This Thanksgiving you’ll be able to gobble up your meal without too much guilt, if you plan ahead and lighten the calorie load!
Consider making some non-meat dishes as the star of the meal, and home cook as many dishes as possible, since a recent study suggests that home cooking reduce your risk of Type 2 diabetes. Using fruits and vegetables in most dishes can reduce calories, bump up fiber, and add a variety of colors to the festive meal. The Thanksgiving meal also tends to be quite starchy carb heavy so consider choosing whole grains and ancient grains that are filling, fiber and nutrient-rich, and watch portion sizes. Here are tips, recipe ideas, and swap outs that will help to make the Thanksgiving meal rich in flavor, not calories.
First things, first
Limit the hors d’oeuvres to one or two selections so guests don’t over induldge before the main event. My favorite healthy and tasty choices are cut up vegetables and sweet potato hummus (yes, you can add sweet potatoes to embrace Thanksgiving) and spicy baked garbanzo beans made with cumin, chili powder and cayenne pepper.
Start the meal with a root vegetable soup or consider swapping out traditional heavy cream in your pumpkin or squash soup with silken tofu or evaporated skim milk. You can also make nut-based cream by blending cashews with water.
Recipe: Soak 1 cup of raw unprocessed cashews in water for 2 hours. Discard the water and blend the cashews with one quarter to one half cup of filtered water and a pinch of sea salt. You can also add a half teaspoon of vanilla and/or 1 tablespoon of Maple syrup to flavor it.
Consider adding a light splash of nuts to a large tossed salad and serve appetizer-size portions after or in lieu of the soup course. Make sure the salad has a minimum of seven vegetables and dress it with a light olive oil and vinegar dressing. One new trend is a hot-cold salad. After plating the traditional tossed salad, top with a large spoonful of sautéed hot vegetables. Add several walnuts or blanched almonds to each plate to make the salad appetizer protein-rich and filling. Starting the meal with a vegetable soup and salad, will help your family to feel full and take smaller portions of the main entrée and side dishes.

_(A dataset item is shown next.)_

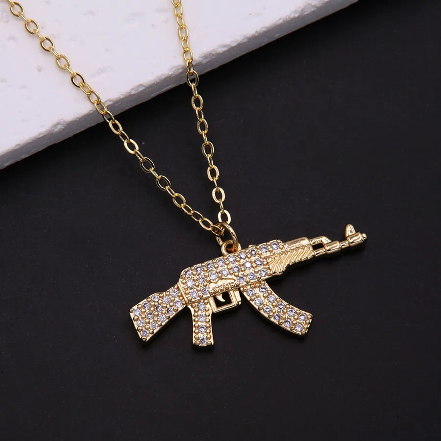 Whether for everyday wear or special occasions, this gold-plated gun pendant necklace is sure to turn heads.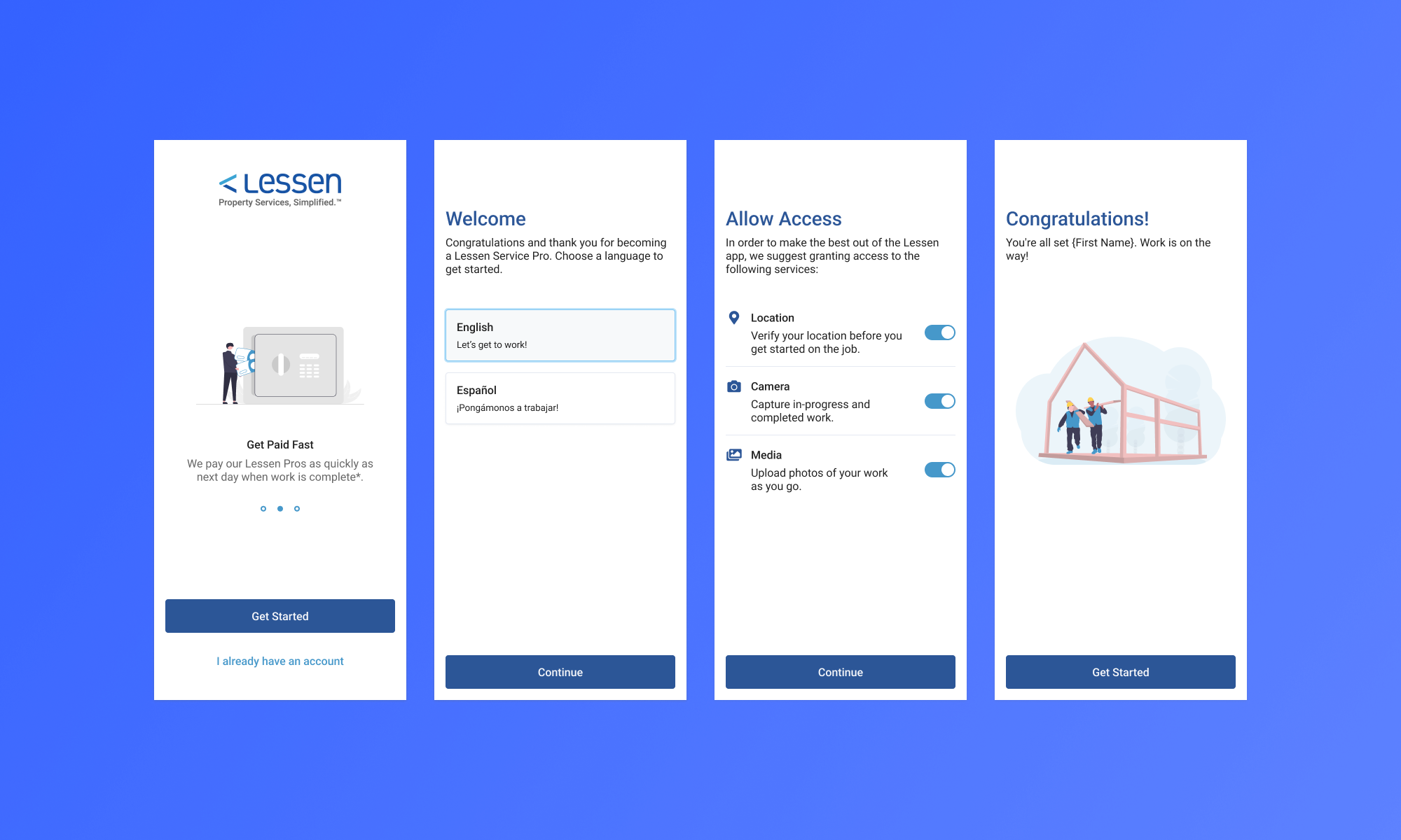Lessen Pro is an Android and iOS application created for Lessen Inc, a property services company that is trying to re-imagine how rental properties are serviced at scale. The application not only allows service professionals to accept, report on, and ultimately complete work, they also get paid quickly utilizing an in-app invoicing system. The application uses React Native as its development framework for good scalability and OS based functions, and was designed for both phone & tablet experiences.

Healthy swap outs for the main event
Make a vegetable based dish the centerpiece of the meal. This Vegetarian Shephard’s Pie uses chick peas (garbanzo beans, rinsed), sweet potatoes and vegetables to create a filling dish. You can then make the turkey a side dish instead of the main dish.
This year use olive oil instead of butter when dressing the turkey and choose extra virgin olive oil which won’t add too much flavor or conflict with your traditional recipe. Also consider stuffing the bird with halved oranges, limes and lemons which will boost flavor without adding significant calories.

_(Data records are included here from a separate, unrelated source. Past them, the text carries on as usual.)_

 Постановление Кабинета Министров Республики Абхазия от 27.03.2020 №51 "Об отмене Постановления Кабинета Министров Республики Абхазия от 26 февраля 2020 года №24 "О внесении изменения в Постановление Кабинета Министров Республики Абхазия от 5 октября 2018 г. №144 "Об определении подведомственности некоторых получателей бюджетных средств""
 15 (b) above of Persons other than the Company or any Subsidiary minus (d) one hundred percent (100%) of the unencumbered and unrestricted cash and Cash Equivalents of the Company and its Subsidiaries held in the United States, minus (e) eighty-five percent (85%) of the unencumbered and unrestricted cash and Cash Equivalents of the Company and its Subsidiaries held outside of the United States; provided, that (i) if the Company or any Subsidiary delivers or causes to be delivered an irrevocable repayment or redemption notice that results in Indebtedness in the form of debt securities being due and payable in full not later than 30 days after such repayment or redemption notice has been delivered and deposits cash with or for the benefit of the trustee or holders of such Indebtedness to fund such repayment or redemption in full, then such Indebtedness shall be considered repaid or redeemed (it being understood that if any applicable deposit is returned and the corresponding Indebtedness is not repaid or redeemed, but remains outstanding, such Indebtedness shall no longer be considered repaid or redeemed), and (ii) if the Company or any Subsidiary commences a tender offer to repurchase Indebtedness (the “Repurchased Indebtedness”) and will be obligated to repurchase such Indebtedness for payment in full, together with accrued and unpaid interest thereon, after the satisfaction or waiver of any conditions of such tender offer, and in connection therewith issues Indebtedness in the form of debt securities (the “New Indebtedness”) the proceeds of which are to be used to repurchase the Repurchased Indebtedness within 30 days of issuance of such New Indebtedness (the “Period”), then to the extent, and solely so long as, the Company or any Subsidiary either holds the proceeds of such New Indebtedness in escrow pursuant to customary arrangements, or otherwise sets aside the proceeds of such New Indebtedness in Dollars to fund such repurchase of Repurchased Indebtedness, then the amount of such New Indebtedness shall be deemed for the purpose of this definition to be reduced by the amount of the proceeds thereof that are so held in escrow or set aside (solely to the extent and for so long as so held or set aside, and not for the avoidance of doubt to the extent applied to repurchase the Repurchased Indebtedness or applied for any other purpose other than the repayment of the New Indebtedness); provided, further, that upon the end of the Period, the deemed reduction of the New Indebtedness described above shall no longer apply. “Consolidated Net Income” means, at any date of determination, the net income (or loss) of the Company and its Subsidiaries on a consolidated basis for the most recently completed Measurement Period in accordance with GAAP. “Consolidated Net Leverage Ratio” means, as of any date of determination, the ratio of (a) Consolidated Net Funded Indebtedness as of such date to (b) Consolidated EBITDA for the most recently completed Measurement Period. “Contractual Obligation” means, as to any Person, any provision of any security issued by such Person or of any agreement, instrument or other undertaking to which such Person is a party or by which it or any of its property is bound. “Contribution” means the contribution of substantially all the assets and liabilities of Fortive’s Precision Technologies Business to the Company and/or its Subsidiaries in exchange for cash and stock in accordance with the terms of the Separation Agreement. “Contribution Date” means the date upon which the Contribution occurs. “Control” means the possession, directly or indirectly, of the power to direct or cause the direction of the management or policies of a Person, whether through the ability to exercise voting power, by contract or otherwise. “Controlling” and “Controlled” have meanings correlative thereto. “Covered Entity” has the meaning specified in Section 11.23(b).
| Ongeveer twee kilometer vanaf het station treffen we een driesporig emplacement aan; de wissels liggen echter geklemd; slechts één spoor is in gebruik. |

Instead of traditional cranberry sauce, consider a pickled beet and fennel salad which you can make in advance. This recipe has 6 easy-to-get ingredients and the longer you leave it in the fridge before serving, the more robust the flavor.

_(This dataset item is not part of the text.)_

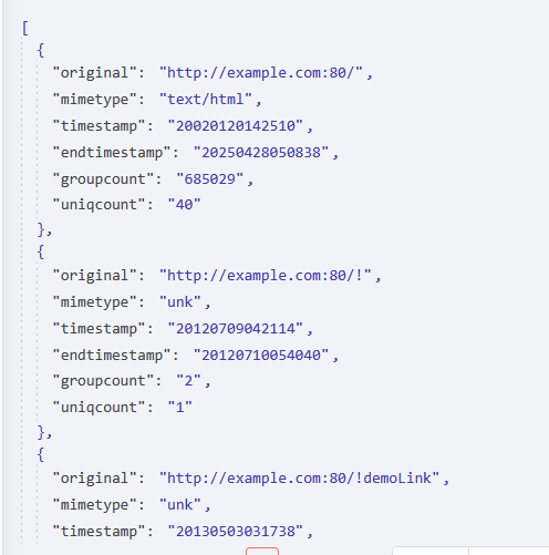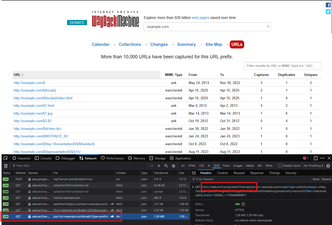 กลับมาที่ Wayback machine สักแป้บนึงครับ ให้เราค้นหา request ที่จะนำมาใช้งาน ซึ่งในกรณีนี้จะเป็น https://web.archive.org/web/timemap/json ครับ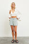 A top featuring a v-neckline and an exposed back seam.

Buckwheat, also known as kasha once it’s toasted is high in rutin, a flavonoid that may protect against heart disease by strengthening capillaries. It’s also high in magnesium which helps to lower blood pressure. Use 2 cups of water for every one cup of kasha. Kasha can be topped with gravy as a delicious side dish. Remember to refrigerate your turkey gravy to allow any fat to rise to the top surface, so you can skim it off. You can also make a vegetable and kasha dish with about 150 calories per serving.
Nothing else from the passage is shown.